Berbagi Berkah LAZ Goedang Zakat Al-Khairaat

Zakat Perdagangan Akhir Tahun, Inilah Aturan dan Cara Praktis bagi Pedagang

Ketika akhir tahun tiba, pedagang biasanya mulai sibuk menghitung laba rugi, stok barang, hingga persiapan tutup buku. Namun ada satu hal yang tidak boleh dilupakan yaitu Zakat Perdagangan. Bagi pedagang muslim yang hartanya telah mencapai nisab dan haul, zakat ini bukan hanya kewajiban, tetapi juga cara membersihkan harta agar lebih berkah dan berkembang.

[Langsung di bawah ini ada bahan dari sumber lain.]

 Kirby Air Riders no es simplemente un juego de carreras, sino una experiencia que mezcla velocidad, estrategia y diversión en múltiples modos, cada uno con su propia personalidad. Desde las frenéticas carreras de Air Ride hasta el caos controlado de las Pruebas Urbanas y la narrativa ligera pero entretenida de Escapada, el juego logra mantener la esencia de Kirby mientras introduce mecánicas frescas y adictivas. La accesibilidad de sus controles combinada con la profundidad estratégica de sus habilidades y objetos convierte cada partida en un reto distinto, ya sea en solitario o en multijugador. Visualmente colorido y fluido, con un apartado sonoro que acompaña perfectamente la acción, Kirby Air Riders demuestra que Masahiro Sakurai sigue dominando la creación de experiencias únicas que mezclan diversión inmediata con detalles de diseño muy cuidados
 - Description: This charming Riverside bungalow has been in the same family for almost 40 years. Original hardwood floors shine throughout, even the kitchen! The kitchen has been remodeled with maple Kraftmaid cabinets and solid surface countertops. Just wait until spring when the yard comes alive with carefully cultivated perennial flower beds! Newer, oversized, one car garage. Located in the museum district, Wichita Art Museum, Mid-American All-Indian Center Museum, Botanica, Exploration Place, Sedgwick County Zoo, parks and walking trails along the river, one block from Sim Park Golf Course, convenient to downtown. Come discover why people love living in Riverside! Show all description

Apa Itu Zakat Perdagangan?

Zakat perdagangan adalah zakat yang dikenakan pada harta yang digunakan untuk aktivitas jual beli dengan tujuan memperoleh keuntungan. Contohnya:

  • Toko bahan pokok
  • Usaha online shop
  • Distributor
  • Minimarket
  • Pedagang grosir dan eceran
  • Jasa yang memiliki aset atau inventaris untuk diperjualbelikan

Selama usaha tersebut bertujuan profit, maka pemiliknya wajib menghitung kewajiban zakat jika memenuhi syarat.

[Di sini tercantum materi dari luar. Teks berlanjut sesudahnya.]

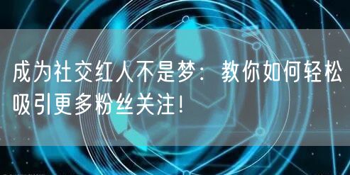 通过以上的步骤,相信你已经成为一个吸引众多粉丝关注的社交红人。但记住,持续的努力和不断的创新才是关键。快来实践吧,实现你的社交红人梦想!

Syarat Wajib Zakat Perdagangan

Pedagang diwajibkan menunaikan zakat jika memenuhi beberapa ketentuan berikut:

  1. Muslim
  2. Harta berasal dari usaha halal
  3. Mencapai nisab
  4. Mencapai haul (1 tahun)

Berapakah Nisab Zakat Perdagangan?

Nisab zakat perdagangan adalah senilai 85 gram emas. Jika mengacu harga emas saat ini (contoh estimasi):
Harga emas 1 gram = Rp 1.200.000 → Nisab = Rp 102.000.000

Jika total aset usaha setara atau lebih dari nilai tersebut, maka zakat wajib ditunaikan.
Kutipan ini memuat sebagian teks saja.